● Exercise
Would you please restate the data exactly as it stands, apart from the pictures?
>>>
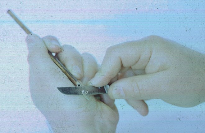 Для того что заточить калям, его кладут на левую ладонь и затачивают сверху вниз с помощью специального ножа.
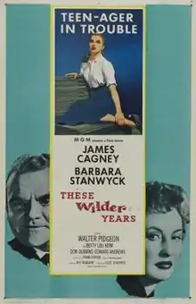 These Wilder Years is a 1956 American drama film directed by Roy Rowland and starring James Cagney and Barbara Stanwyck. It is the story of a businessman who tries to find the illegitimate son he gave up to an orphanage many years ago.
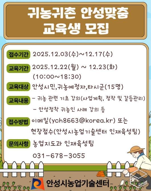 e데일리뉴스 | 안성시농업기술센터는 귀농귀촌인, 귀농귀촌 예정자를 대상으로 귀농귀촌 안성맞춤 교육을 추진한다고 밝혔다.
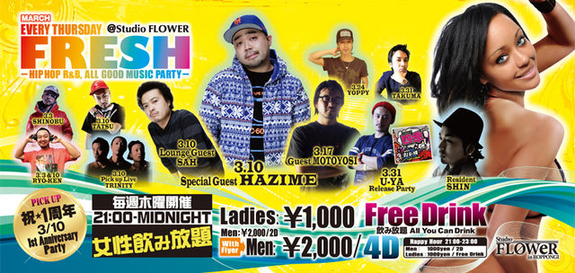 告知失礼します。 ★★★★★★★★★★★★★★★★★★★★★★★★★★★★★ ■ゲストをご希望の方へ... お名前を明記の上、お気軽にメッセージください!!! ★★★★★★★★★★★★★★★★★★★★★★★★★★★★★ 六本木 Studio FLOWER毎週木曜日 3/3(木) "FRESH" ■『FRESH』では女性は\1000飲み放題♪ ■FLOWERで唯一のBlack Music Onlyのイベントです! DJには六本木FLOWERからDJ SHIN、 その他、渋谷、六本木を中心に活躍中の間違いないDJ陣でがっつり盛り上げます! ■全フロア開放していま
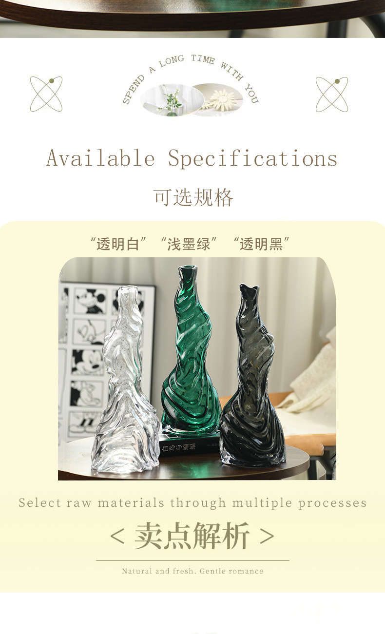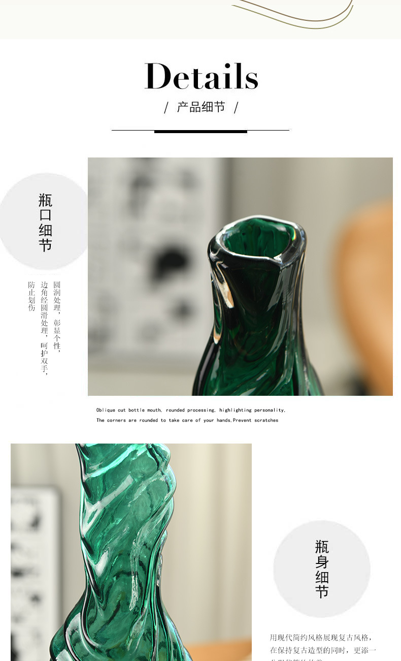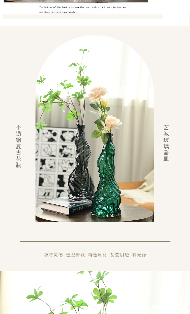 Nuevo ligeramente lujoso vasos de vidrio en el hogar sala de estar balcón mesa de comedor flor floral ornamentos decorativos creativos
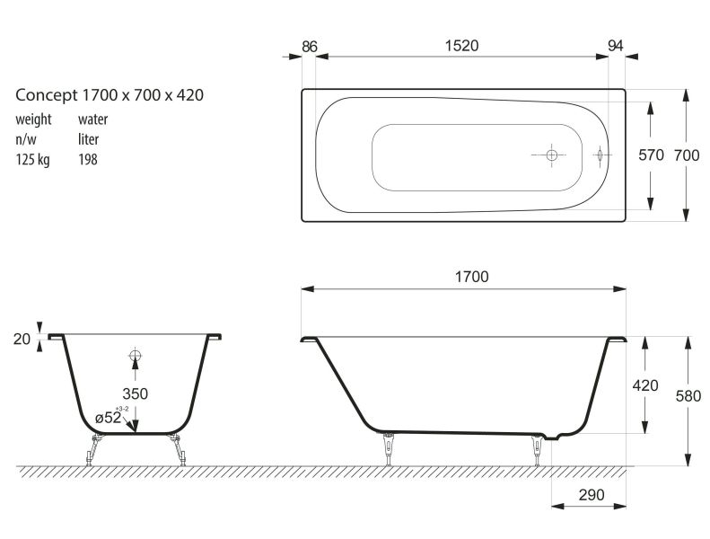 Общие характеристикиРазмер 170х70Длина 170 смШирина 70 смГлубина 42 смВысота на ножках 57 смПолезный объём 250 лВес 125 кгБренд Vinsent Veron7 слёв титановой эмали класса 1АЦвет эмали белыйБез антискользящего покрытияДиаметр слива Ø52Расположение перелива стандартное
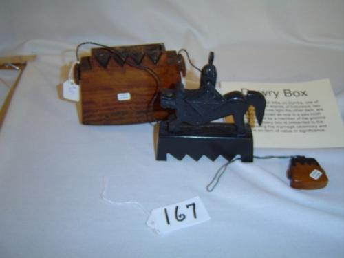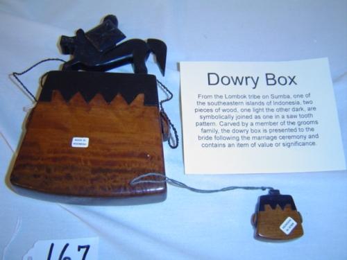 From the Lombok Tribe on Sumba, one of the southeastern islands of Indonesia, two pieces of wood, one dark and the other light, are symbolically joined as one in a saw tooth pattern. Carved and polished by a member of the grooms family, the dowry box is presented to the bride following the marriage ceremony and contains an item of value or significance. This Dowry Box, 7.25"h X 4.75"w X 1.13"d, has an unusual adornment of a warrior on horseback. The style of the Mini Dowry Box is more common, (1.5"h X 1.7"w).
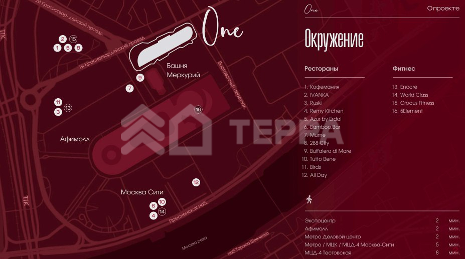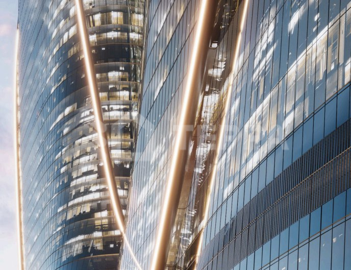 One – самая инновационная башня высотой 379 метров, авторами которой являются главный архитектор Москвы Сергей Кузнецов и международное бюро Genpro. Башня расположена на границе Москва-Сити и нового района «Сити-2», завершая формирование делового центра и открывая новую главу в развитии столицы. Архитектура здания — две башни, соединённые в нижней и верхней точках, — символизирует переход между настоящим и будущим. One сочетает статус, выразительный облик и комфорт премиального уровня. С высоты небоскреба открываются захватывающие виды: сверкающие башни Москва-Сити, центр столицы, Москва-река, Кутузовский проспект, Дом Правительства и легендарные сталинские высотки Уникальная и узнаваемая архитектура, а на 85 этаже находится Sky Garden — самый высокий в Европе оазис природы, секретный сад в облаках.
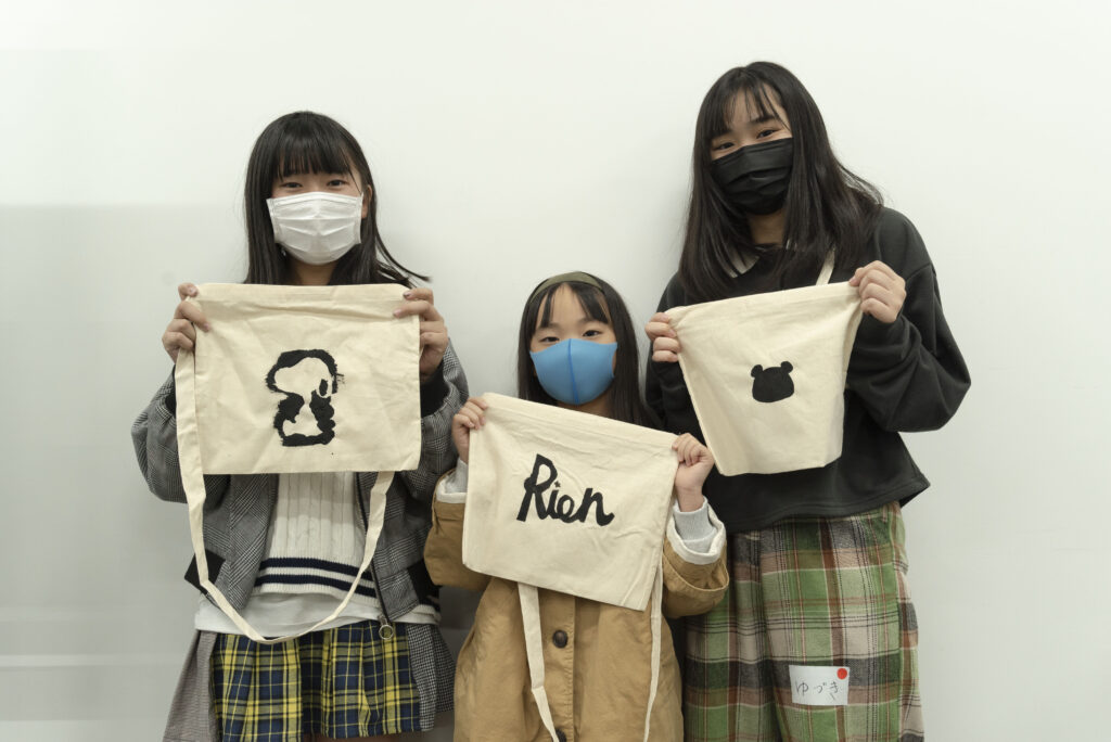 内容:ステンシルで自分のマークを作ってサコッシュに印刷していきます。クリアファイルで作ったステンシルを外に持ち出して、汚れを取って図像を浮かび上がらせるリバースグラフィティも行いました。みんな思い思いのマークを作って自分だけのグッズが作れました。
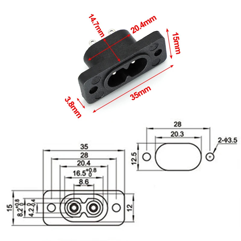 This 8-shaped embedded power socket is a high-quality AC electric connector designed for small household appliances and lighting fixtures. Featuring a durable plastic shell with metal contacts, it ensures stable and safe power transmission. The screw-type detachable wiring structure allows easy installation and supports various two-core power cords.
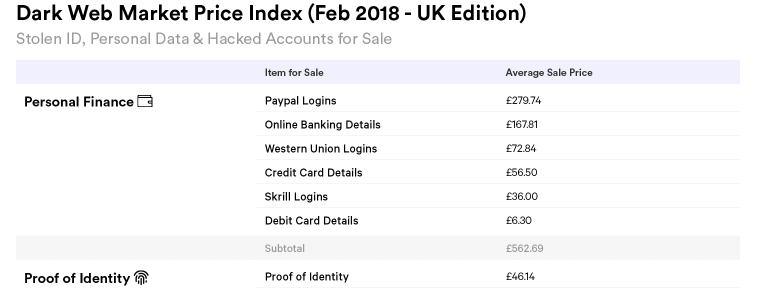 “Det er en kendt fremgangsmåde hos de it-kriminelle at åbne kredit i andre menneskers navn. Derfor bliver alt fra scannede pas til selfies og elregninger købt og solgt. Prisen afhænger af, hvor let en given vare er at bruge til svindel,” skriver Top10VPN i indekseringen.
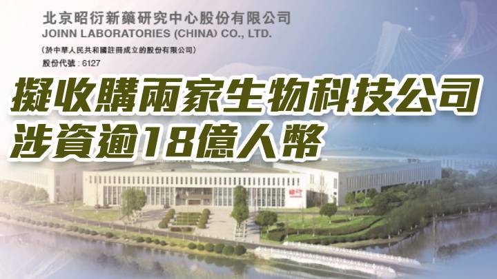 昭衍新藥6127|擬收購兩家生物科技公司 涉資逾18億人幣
<<<
● Response to the task
 Для того что заточить калям, его кладут на левую ладонь и затачивают сверху вниз с помощью специального ножа.
 These Wilder Years is a 1956 American drama film directed by Roy Rowland and starring James Cagney and Barbara Stanwyck. It is the story of a businessman who tries to find the illegitimate son he gave up to an orphanage many years ago.
 e데일리뉴스 | 안성시농업기술센터는 귀농귀촌인, 귀농귀촌 예정자를 대상으로 귀농귀촌 안성맞춤 교육을 추진한다고 밝혔다.
 告知失礼します。 ★★★★★★★★★★★★★★★★★★★★★★★★★★★★★ ■ゲストをご希望の方へ... お名前を明記の上、お気軽にメッセージください!!! ★★★★★★★★★★★★★★★★★★★★★★★★★★★★★ 六本木 Studio FLOWER毎週木曜日 3/3(木) "FRESH" ■『FRESH』では女性は\1000飲み放題♪ ■FLOWERで唯一のBlack Music Onlyのイベントです! DJには六本木FLOWERからDJ SHIN、 その他、渋谷、六本木を中心に活躍中の間違いないDJ陣でがっつり盛り上げます! ■全フロア開放していま
 Nuevo ligeramente lujoso vasos de vidrio en el hogar sala de estar balcón mesa de comedor flor floral ornamentos decorativos creativos
 Общие характеристикиРазмер 170х70Длина 170 смШирина 70 смГлубина 42 смВысота на ножках 57 смПолезный объём 250 лВес 125 кгБренд Vinsent Veron7 слёв титановой эмали класса 1АЦвет эмали белыйБез антискользящего покрытияДиаметр слива Ø52Расположение перелива стандартное
 From the Lombok Tribe on Sumba, one of the southeastern islands of Indonesia, two pieces of wood, one dark and the other light, are symbolically joined as one in a saw tooth pattern. Carved and polished by a member of the grooms family, the dowry box is presented to the bride following the marriage ceremony and contains an item of value or significance. This Dowry Box, 7.25"h X 4.75"w X 1.13"d, has an unusual adornment of a warrior on horseback. The style of the Mini Dowry Box is more common, (1.5"h X 1.7"w).
 One – самая инновационная башня высотой 379 метров, авторами которой являются главный архитектор Москвы Сергей Кузнецов и международное бюро Genpro. Башня расположена на границе Москва-Сити и нового района «Сити-2», завершая формирование делового центра и открывая новую главу в развитии столицы. Архитектура здания — две башни, соединённые в нижней и верхней точках, — символизирует переход между настоящим и будущим. One сочетает статус, выразительный облик и комфорт премиального уровня. С высоты небоскреба открываются захватывающие виды: сверкающие башни Москва-Сити, центр столицы, Москва-река, Кутузовский проспект, Дом Правительства и легендарные сталинские высотки Уникальная и узнаваемая архитектура, а на 85 этаже находится Sky Garden — самый высокий в Европе оазис природы, секретный сад в облаках.
 内容:ステンシルで自分のマークを作ってサコッシュに印刷していきます。クリアファイルで作ったステンシルを外に持ち出して、汚れを取って図像を浮かび上がらせるリバースグラフィティも行いました。みんな思い思いのマークを作って自分だけのグッズが作れました。
 This 8-shaped embedded power socket is a high-quality AC electric connector designed for small household appliances and lighting fixtures. Featuring a durable plastic shell with metal contacts, it ensures stable and safe power transmission. The screw-type detachable wiring structure allows easy installation and supports various two-core power cords.
 “Det er en kendt fremgangsmåde hos de it-kriminelle at åbne kredit i andre menneskers navn. Derfor bliver alt fra scannede pas til selfies og elregninger købt og solgt. Prisen afhænger af, hvor let en given vare er at bruge til svindel,” skriver Top10VPN i indekseringen.
 昭衍新藥6127|擬收購兩家生物科技公司 涉資逾18億人幣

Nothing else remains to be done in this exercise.